**Problem:** Return the data word for word. Pictures are to be omitted.

____ Stored data

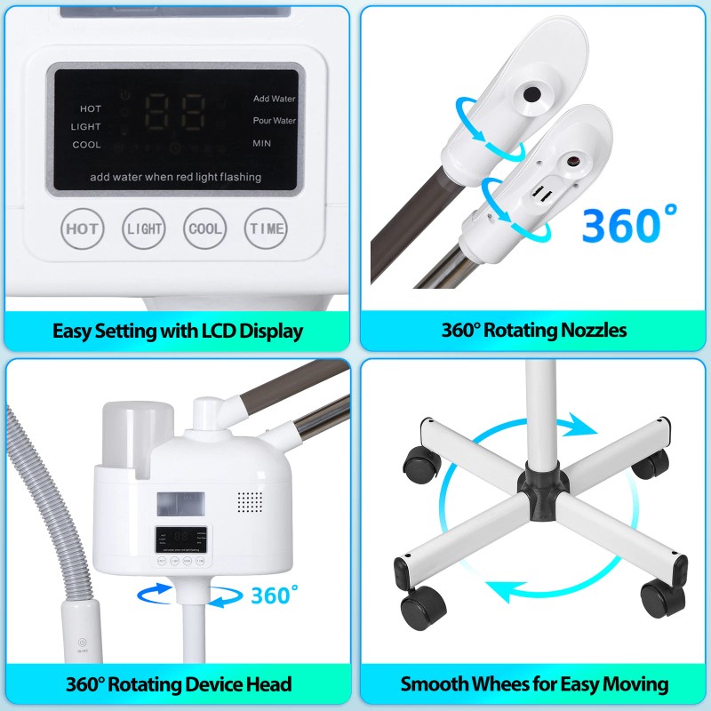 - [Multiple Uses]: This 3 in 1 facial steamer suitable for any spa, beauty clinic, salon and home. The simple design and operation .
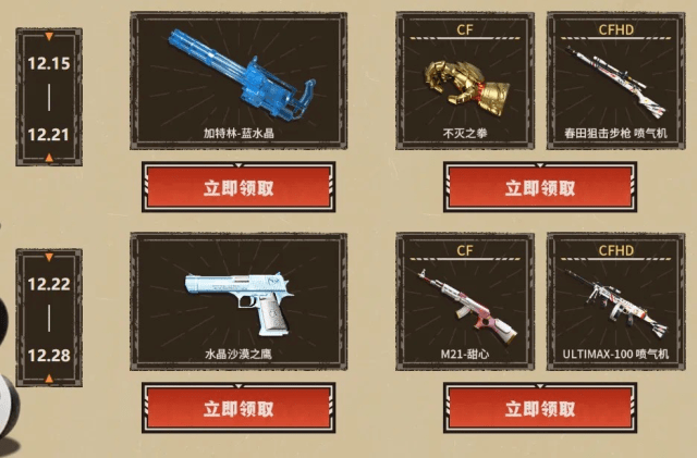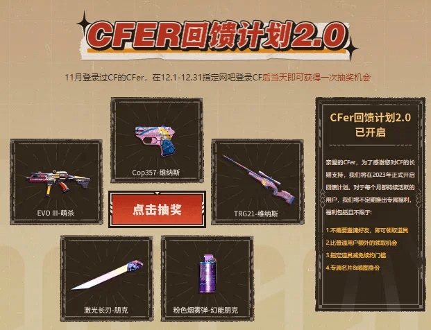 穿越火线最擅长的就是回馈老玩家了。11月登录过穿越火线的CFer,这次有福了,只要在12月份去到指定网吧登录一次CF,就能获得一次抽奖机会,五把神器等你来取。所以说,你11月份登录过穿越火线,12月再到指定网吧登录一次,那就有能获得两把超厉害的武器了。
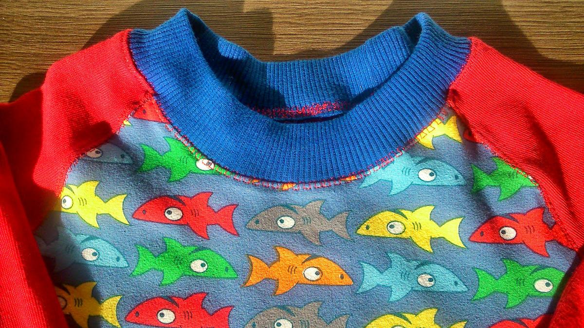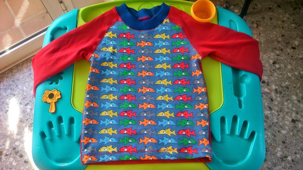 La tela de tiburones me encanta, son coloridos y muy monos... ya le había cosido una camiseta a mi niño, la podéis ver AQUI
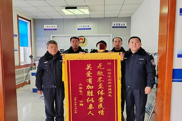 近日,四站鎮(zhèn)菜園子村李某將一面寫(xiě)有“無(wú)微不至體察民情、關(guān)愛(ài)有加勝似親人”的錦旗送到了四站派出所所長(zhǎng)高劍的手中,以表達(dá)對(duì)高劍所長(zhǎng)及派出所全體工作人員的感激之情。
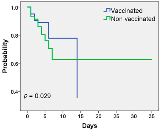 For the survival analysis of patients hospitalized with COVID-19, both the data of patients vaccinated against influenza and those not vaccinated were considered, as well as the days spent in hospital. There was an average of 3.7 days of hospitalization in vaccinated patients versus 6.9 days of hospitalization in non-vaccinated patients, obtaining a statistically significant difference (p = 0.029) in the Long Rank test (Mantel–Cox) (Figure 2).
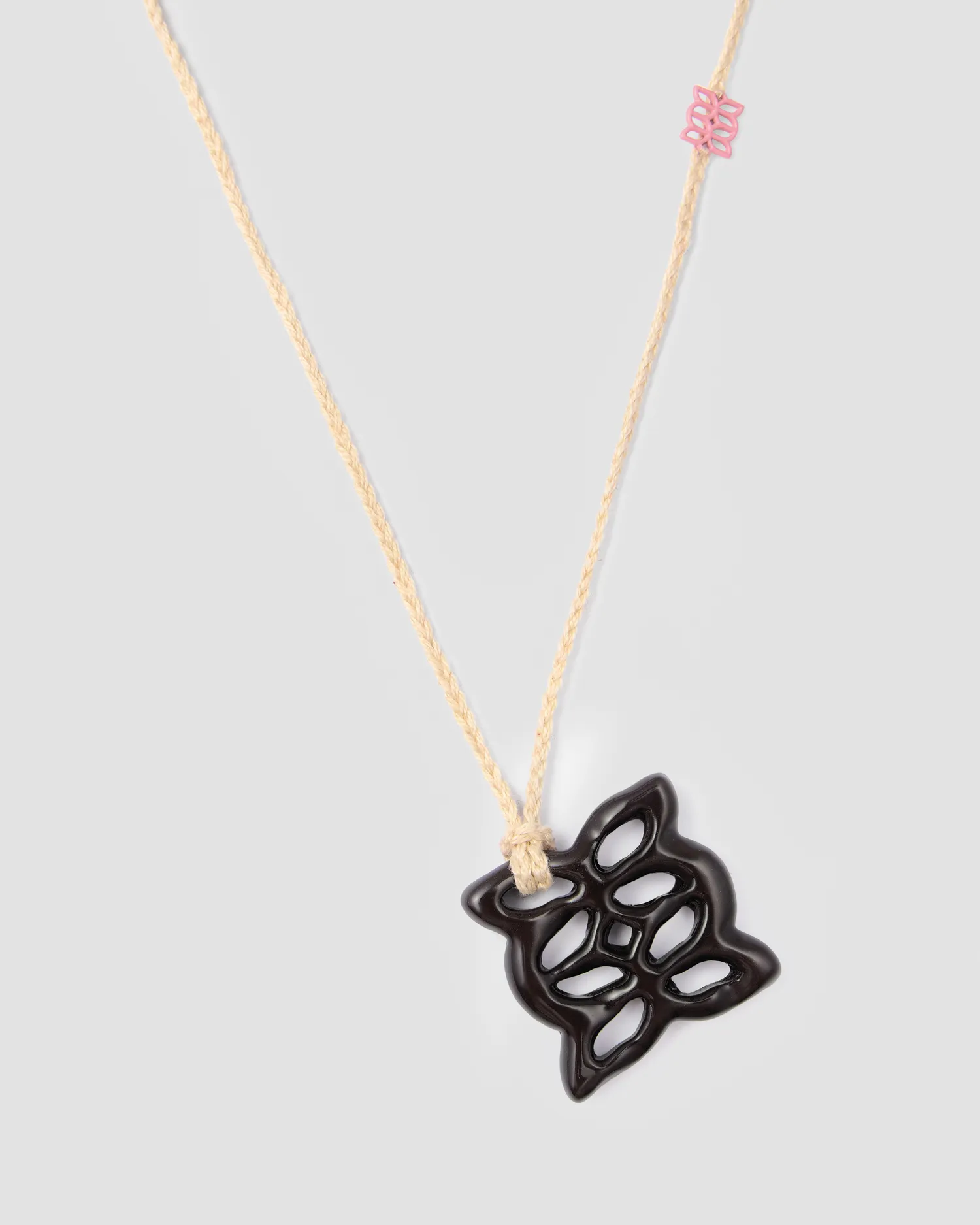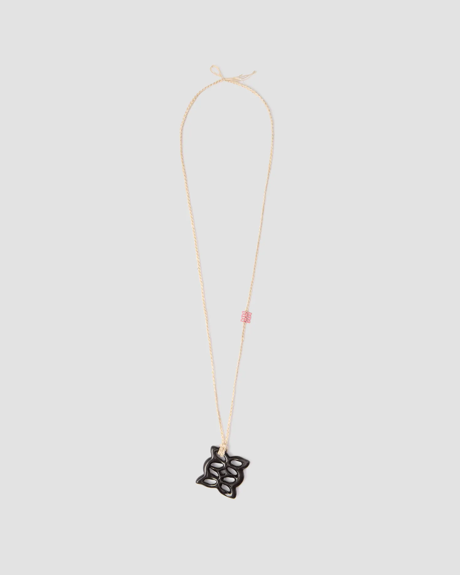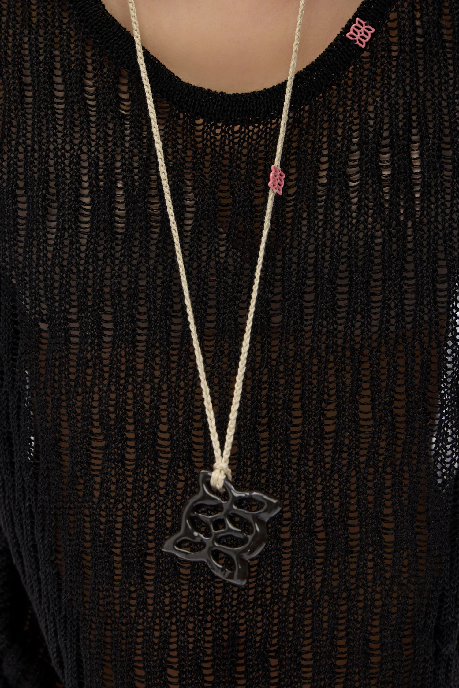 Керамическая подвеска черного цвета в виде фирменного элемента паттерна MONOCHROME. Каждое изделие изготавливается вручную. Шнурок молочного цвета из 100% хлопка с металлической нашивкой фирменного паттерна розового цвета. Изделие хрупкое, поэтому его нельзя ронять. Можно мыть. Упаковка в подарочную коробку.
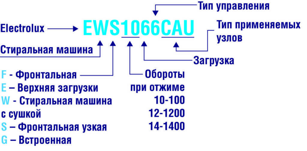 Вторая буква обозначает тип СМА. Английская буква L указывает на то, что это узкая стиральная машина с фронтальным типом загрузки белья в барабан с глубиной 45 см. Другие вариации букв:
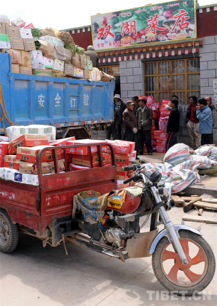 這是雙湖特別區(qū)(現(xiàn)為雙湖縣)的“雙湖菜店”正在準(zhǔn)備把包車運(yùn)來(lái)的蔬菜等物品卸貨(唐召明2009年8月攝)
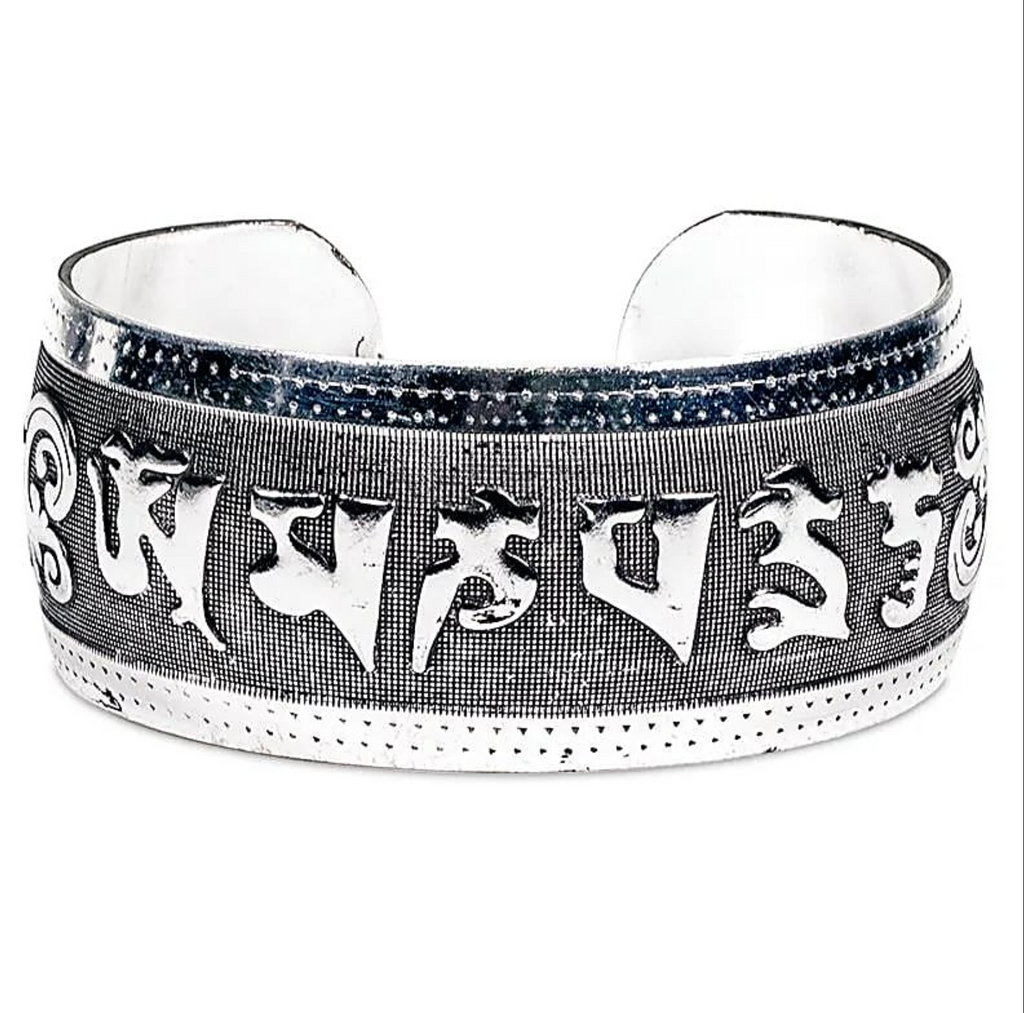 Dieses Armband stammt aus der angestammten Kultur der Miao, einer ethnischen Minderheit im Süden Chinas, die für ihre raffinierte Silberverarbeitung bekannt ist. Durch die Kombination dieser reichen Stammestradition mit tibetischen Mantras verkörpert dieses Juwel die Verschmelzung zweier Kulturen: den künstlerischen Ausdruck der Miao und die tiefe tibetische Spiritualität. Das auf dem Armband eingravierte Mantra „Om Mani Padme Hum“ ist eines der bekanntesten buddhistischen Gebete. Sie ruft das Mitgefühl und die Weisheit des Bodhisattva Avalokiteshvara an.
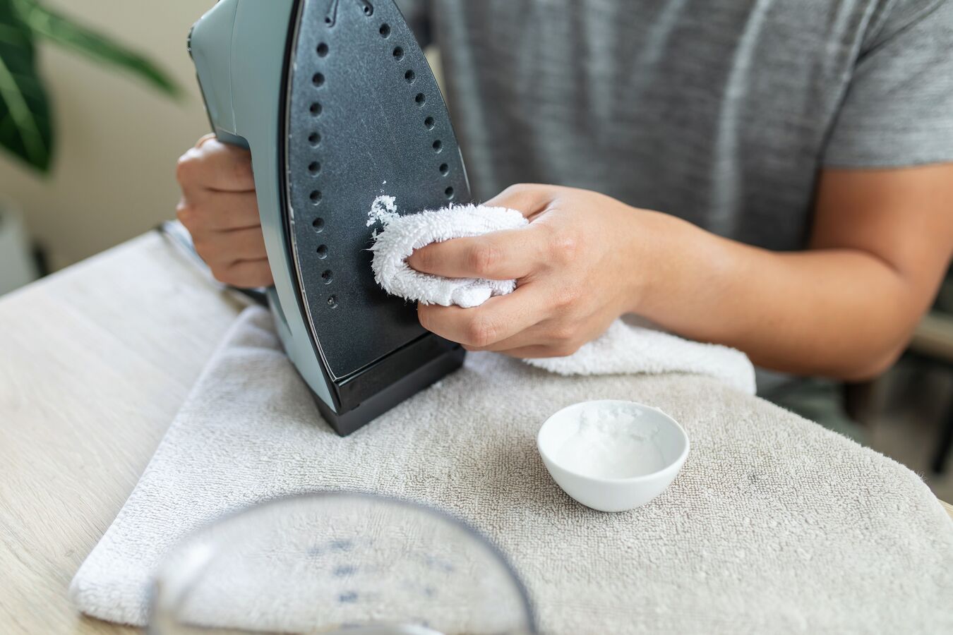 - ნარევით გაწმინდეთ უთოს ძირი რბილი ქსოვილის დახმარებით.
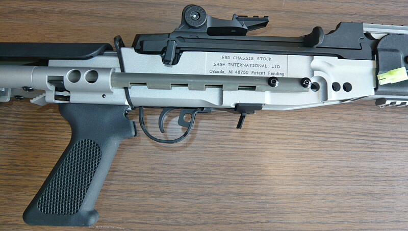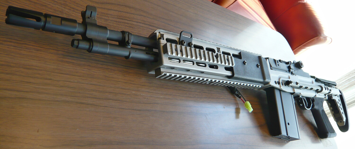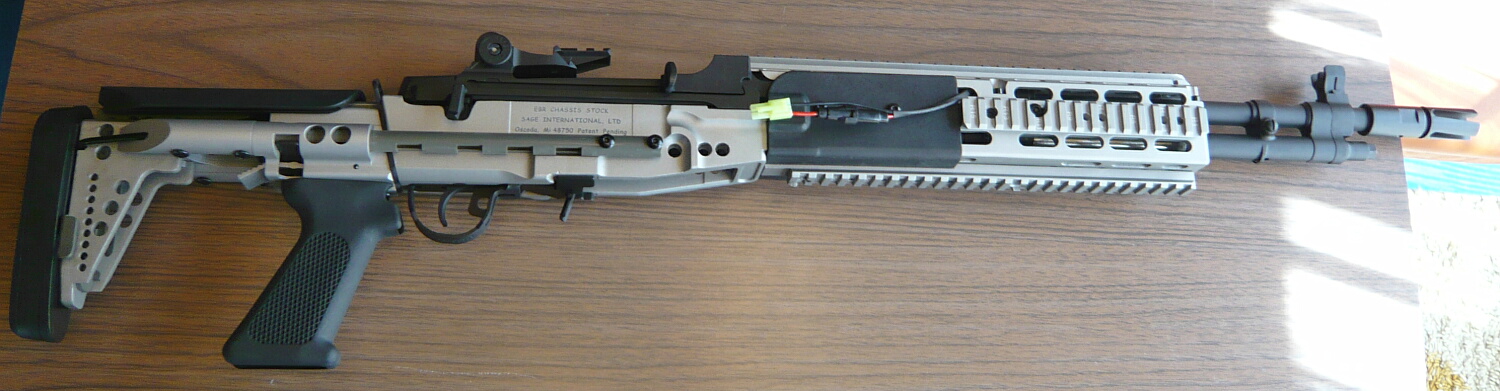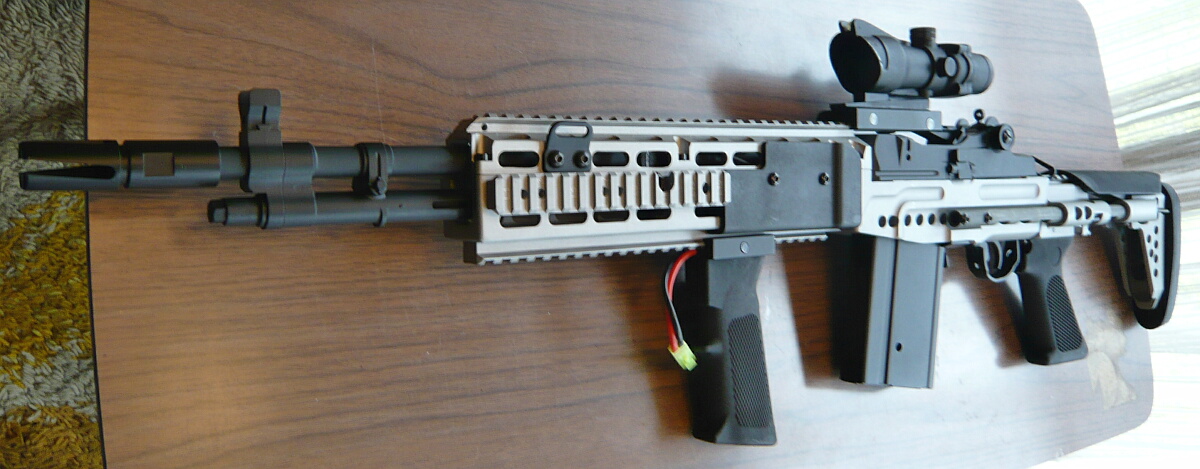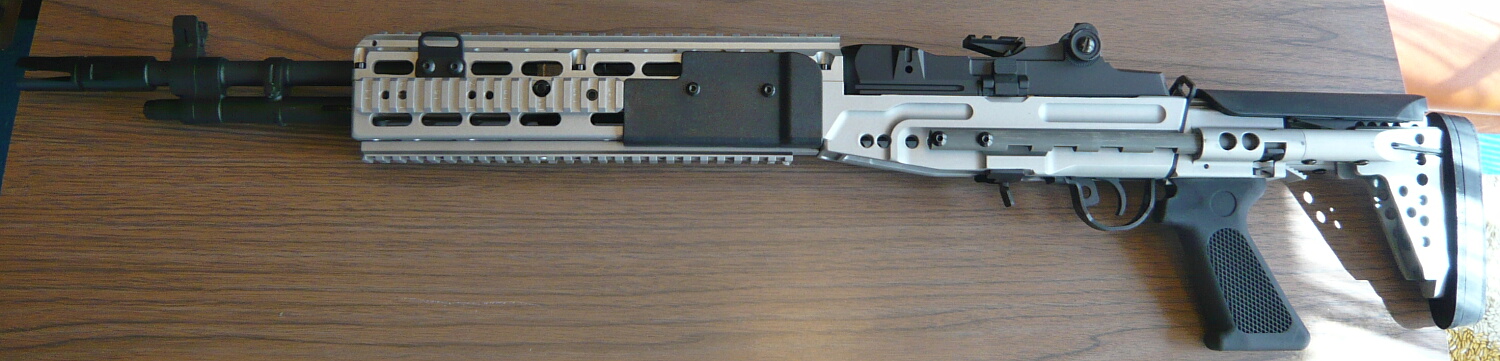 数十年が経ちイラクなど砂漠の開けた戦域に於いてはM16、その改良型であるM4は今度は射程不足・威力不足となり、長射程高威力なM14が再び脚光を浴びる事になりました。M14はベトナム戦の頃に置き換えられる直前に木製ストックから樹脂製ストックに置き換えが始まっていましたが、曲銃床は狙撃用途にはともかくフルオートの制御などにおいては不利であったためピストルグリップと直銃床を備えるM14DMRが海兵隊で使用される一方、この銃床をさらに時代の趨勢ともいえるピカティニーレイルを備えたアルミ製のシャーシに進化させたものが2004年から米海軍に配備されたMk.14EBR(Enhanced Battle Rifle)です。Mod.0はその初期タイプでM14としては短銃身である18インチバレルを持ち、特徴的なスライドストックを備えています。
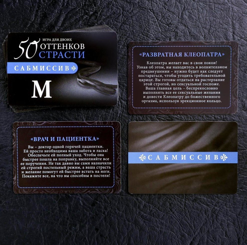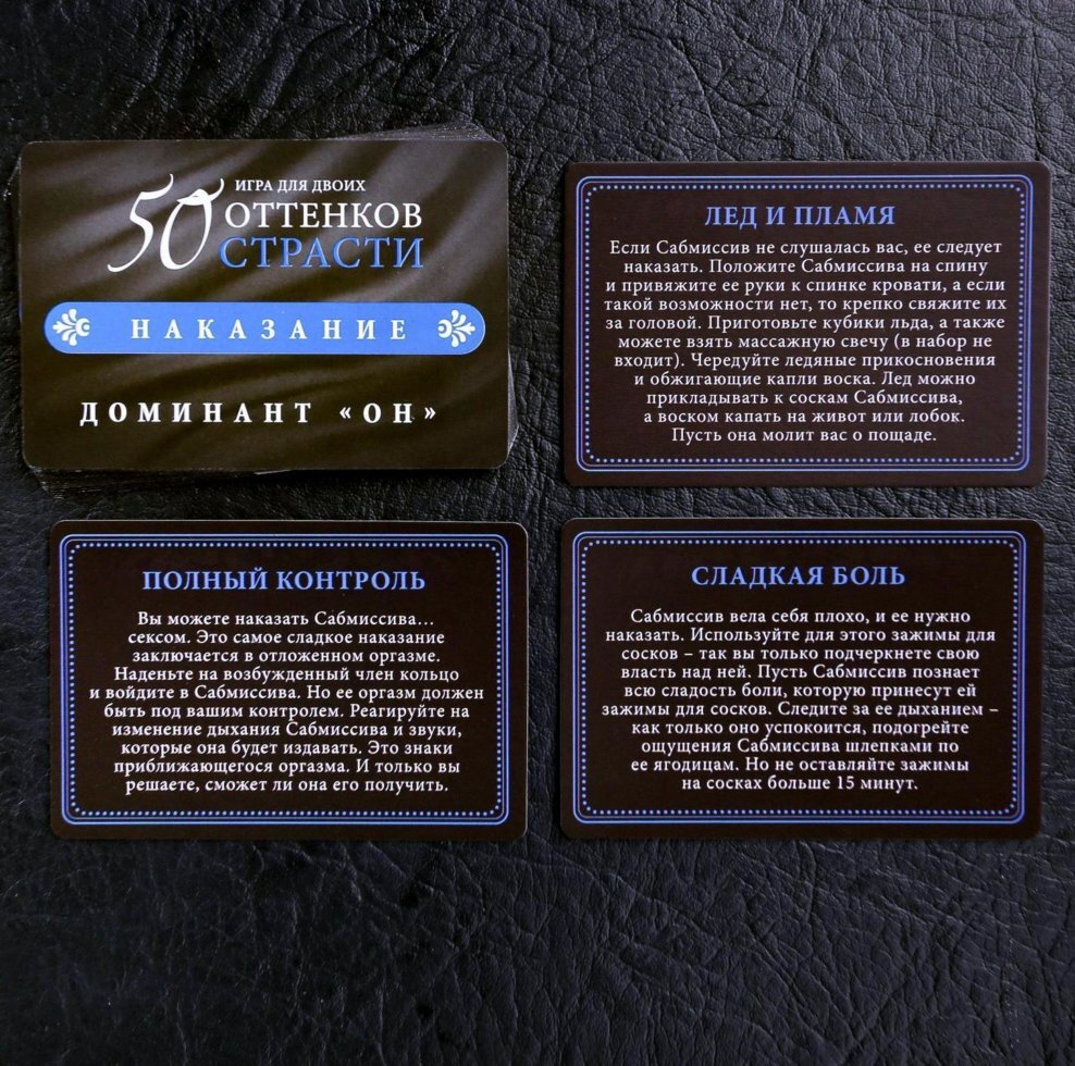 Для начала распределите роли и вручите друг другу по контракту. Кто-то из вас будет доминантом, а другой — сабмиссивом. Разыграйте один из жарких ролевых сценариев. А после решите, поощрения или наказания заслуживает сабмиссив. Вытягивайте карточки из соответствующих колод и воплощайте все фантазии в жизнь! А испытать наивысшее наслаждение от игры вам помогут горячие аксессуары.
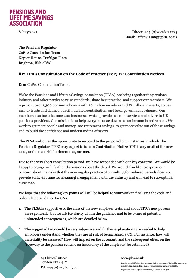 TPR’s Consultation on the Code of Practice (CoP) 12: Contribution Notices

________

**Answer section:**
 - [Multiple Uses]: This 3 in 1 facial steamer suitable for any spa, beauty clinic, salon and home. The simple design and operation .
 穿越火线最擅长的就是回馈老玩家了。11月登录过穿越火线的CFer,这次有福了,只要在12月份去到指定网吧登录一次CF,就能获得一次抽奖机会,五把神器等你来取。所以说,你11月份登录过穿越火线,12月再到指定网吧登录一次,那就有能获得两把超厉害的武器了。
 La tela de tiburones me encanta, son coloridos y muy monos... ya le había cosido una camiseta a mi niño, la podéis ver AQUI
 近日,四站鎮(zhèn)菜園子村李某將一面寫(xiě)有“無(wú)微不至體察民情、關(guān)愛(ài)有加勝似親人”的錦旗送到了四站派出所所長(zhǎng)高劍的手中,以表達(dá)對(duì)高劍所長(zhǎng)及派出所全體工作人員的感激之情。
 For the survival analysis of patients hospitalized with COVID-19, both the data of patients vaccinated against influenza and those not vaccinated were considered, as well as the days spent in hospital. There was an average of 3.7 days of hospitalization in vaccinated patients versus 6.9 days of hospitalization in non-vaccinated patients, obtaining a statistically significant difference (p = 0.029) in the Long Rank test (Mantel–Cox) (Figure 2).
 Керамическая подвеска черного цвета в виде фирменного элемента паттерна MONOCHROME. Каждое изделие изготавливается вручную. Шнурок молочного цвета из 100% хлопка с металлической нашивкой фирменного паттерна розового цвета. Изделие хрупкое, поэтому его нельзя ронять. Можно мыть. Упаковка в подарочную коробку.
 Вторая буква обозначает тип СМА. Английская буква L указывает на то, что это узкая стиральная машина с фронтальным типом загрузки белья в барабан с глубиной 45 см. Другие вариации букв:
 這是雙湖特別區(qū)(現(xiàn)為雙湖縣)的“雙湖菜店”正在準(zhǔn)備把包車運(yùn)來(lái)的蔬菜等物品卸貨(唐召明2009年8月攝)
 Dieses Armband stammt aus der angestammten Kultur der Miao, einer ethnischen Minderheit im Süden Chinas, die für ihre raffinierte Silberverarbeitung bekannt ist. Durch die Kombination dieser reichen Stammestradition mit tibetischen Mantras verkörpert dieses Juwel die Verschmelzung zweier Kulturen: den künstlerischen Ausdruck der Miao und die tiefe tibetische Spiritualität. Das auf dem Armband eingravierte Mantra „Om Mani Padme Hum“ ist eines der bekanntesten buddhistischen Gebete. Sie ruft das Mitgefühl und die Weisheit des Bodhisattva Avalokiteshvara an.
 - ნარევით გაწმინდეთ უთოს ძირი რბილი ქსოვილის დახმარებით.
 数十年が経ちイラクなど砂漠の開けた戦域に於いてはM16、その改良型であるM4は今度は射程不足・威力不足となり、長射程高威力なM14が再び脚光を浴びる事になりました。M14はベトナム戦の頃に置き換えられる直前に木製ストックから樹脂製ストックに置き換えが始まっていましたが、曲銃床は狙撃用途にはともかくフルオートの制御などにおいては不利であったためピストルグリップと直銃床を備えるM14DMRが海兵隊で使用される一方、この銃床をさらに時代の趨勢ともいえるピカティニーレイルを備えたアルミ製のシャーシに進化させたものが2004年から米海軍に配備されたMk.14EBR(Enhanced Battle Rifle)です。Mod.0はその初期タイプでM14としては短銃身である18インチバレルを持ち、特徴的なスライドストックを備えています。
 Для начала распределите роли и вручите друг другу по контракту. Кто-то из вас будет доминантом, а другой — сабмиссивом. Разыграйте один из жарких ролевых сценариев. А после решите, поощрения или наказания заслуживает сабмиссив. Вытягивайте карточки из соответствующих колод и воплощайте все фантазии в жизнь! А испытать наивысшее наслаждение от игры вам помогут горячие аксессуары.
 TPR’s Consultation on the Code of Practice (CoP) 12: Contribution Notices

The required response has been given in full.